Activity: Output the data unchanged and complete, minus the images.
***** Stored data *****
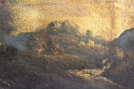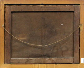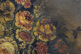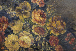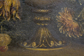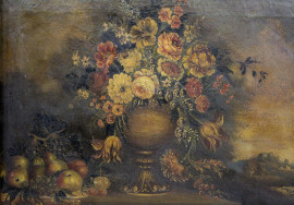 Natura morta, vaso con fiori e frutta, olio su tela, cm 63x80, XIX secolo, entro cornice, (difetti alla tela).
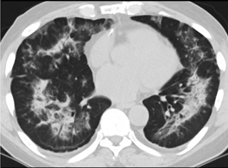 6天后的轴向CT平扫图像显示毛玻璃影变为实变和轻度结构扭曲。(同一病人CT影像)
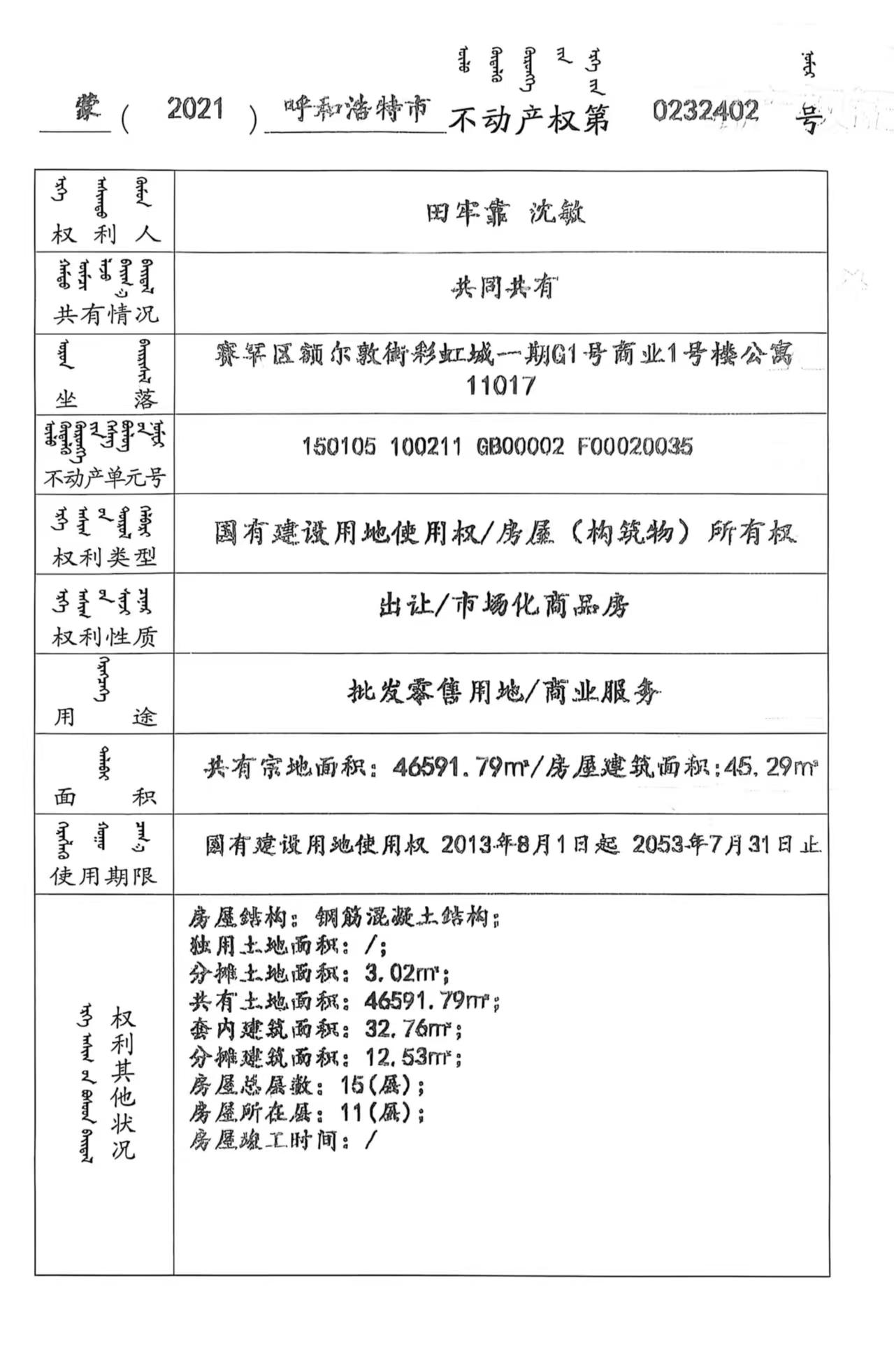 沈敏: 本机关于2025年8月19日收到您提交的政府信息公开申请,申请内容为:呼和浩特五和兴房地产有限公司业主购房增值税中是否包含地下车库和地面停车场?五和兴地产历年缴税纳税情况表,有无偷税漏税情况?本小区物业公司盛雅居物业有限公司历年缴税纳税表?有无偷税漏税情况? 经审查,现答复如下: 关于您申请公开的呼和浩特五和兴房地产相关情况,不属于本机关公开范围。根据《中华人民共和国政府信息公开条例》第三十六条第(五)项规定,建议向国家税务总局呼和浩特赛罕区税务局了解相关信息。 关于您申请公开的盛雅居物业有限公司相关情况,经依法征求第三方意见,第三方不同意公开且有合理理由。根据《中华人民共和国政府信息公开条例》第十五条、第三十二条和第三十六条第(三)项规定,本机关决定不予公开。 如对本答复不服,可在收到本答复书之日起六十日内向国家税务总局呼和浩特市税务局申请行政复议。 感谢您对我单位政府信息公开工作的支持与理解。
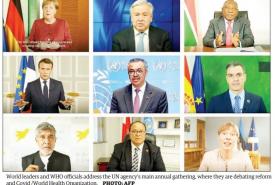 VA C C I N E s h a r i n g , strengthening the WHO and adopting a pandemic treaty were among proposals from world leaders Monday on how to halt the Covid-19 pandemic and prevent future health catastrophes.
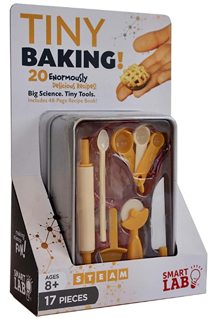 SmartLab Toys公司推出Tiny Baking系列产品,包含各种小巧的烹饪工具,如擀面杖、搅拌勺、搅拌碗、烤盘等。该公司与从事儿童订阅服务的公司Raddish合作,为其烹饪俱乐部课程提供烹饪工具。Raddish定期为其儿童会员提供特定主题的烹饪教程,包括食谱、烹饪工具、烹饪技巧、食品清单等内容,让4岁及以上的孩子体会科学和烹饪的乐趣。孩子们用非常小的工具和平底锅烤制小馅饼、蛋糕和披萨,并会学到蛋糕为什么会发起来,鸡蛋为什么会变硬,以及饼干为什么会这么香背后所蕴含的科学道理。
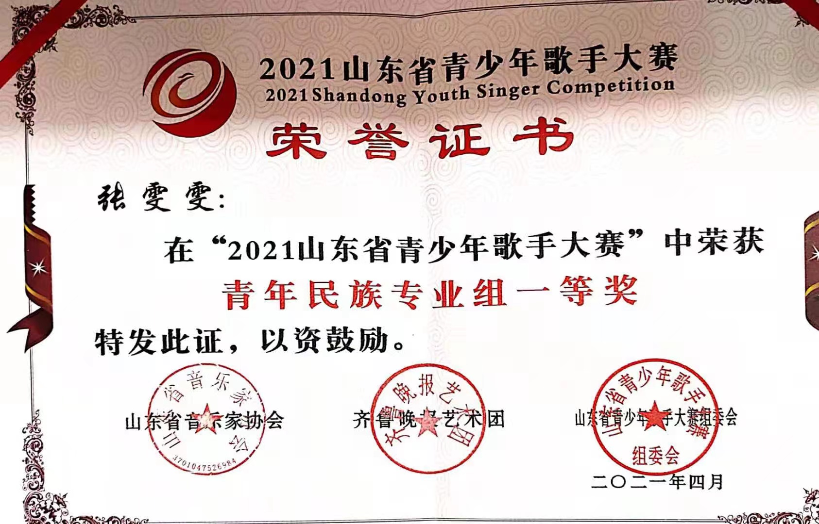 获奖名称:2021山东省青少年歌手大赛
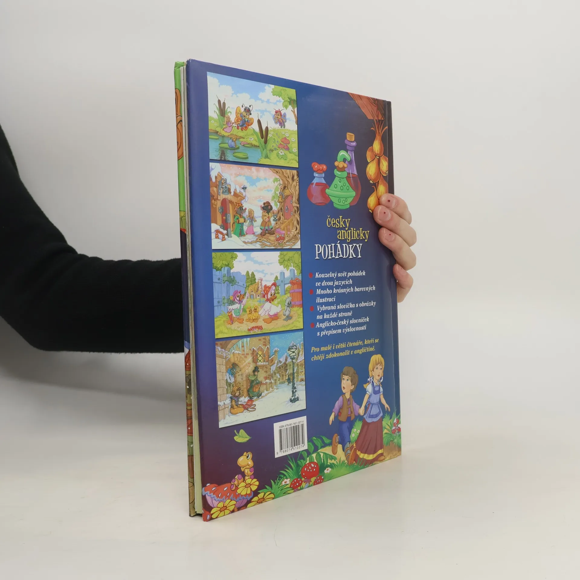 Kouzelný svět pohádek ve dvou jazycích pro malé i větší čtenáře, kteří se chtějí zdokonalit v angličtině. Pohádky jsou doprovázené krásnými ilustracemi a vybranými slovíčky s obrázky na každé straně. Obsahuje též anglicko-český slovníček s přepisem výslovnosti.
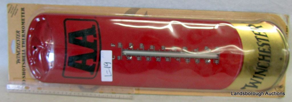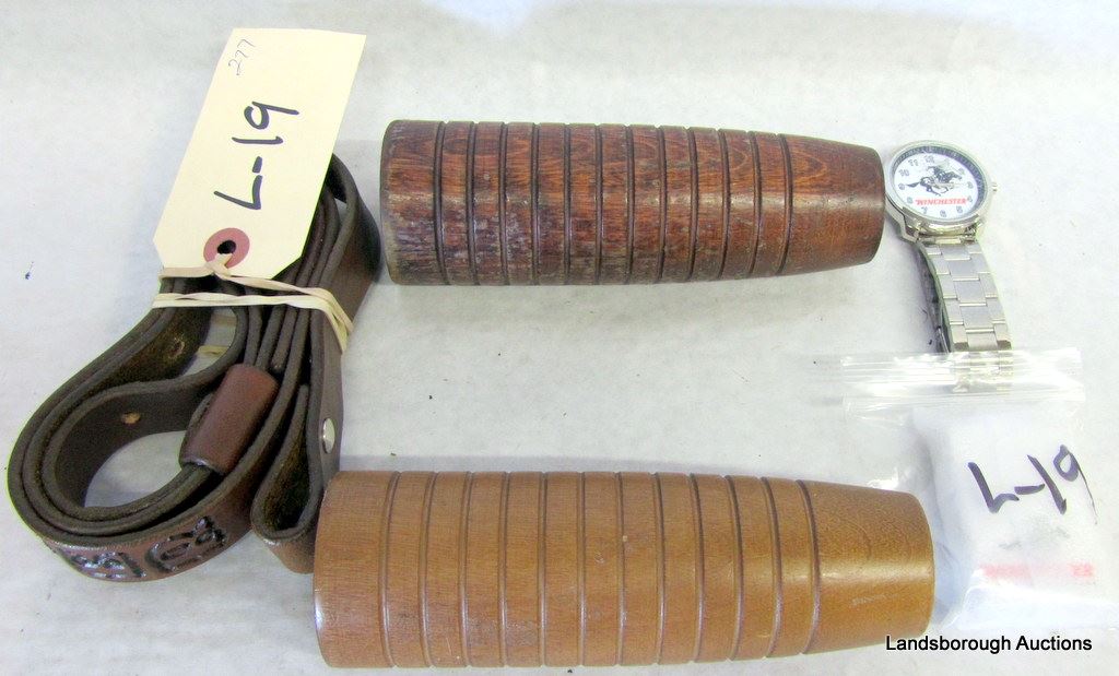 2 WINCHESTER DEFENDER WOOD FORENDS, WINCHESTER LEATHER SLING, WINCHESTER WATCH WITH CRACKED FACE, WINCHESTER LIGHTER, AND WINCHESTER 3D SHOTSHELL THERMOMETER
*****
Answer for this exercise:
 Natura morta, vaso con fiori e frutta, olio su tela, cm 63x80, XIX secolo, entro cornice, (difetti alla tela).
 6天后的轴向CT平扫图像显示毛玻璃影变为实变和轻度结构扭曲。(同一病人CT影像)
 沈敏: 本机关于2025年8月19日收到您提交的政府信息公开申请,申请内容为:呼和浩特五和兴房地产有限公司业主购房增值税中是否包含地下车库和地面停车场?五和兴地产历年缴税纳税情况表,有无偷税漏税情况?本小区物业公司盛雅居物业有限公司历年缴税纳税表?有无偷税漏税情况? 经审查,现答复如下: 关于您申请公开的呼和浩特五和兴房地产相关情况,不属于本机关公开范围。根据《中华人民共和国政府信息公开条例》第三十六条第(五)项规定,建议向国家税务总局呼和浩特赛罕区税务局了解相关信息。 关于您申请公开的盛雅居物业有限公司相关情况,经依法征求第三方意见,第三方不同意公开且有合理理由。根据《中华人民共和国政府信息公开条例》第十五条、第三十二条和第三十六条第(三)项规定,本机关决定不予公开。 如对本答复不服,可在收到本答复书之日起六十日内向国家税务总局呼和浩特市税务局申请行政复议。 感谢您对我单位政府信息公开工作的支持与理解。
 VA C C I N E s h a r i n g , strengthening the WHO and adopting a pandemic treaty were among proposals from world leaders Monday on how to halt the Covid-19 pandemic and prevent future health catastrophes.
 SmartLab Toys公司推出Tiny Baking系列产品,包含各种小巧的烹饪工具,如擀面杖、搅拌勺、搅拌碗、烤盘等。该公司与从事儿童订阅服务的公司Raddish合作,为其烹饪俱乐部课程提供烹饪工具。Raddish定期为其儿童会员提供特定主题的烹饪教程,包括食谱、烹饪工具、烹饪技巧、食品清单等内容,让4岁及以上的孩子体会科学和烹饪的乐趣。孩子们用非常小的工具和平底锅烤制小馅饼、蛋糕和披萨,并会学到蛋糕为什么会发起来,鸡蛋为什么会变硬,以及饼干为什么会这么香背后所蕴含的科学道理。
 获奖名称:2021山东省青少年歌手大赛
 Kouzelný svět pohádek ve dvou jazycích pro malé i větší čtenáře, kteří se chtějí zdokonalit v angličtině. Pohádky jsou doprovázené krásnými ilustracemi a vybranými slovíčky s obrázky na každé straně. Obsahuje též anglicko-český slovníček s přepisem výslovnosti.
 2 WINCHESTER DEFENDER WOOD FORENDS, WINCHESTER LEATHER SLING, WINCHESTER WATCH WITH CRACKED FACE, WINCHESTER LIGHTER, AND WINCHESTER 3D SHOTSHELL THERMOMETER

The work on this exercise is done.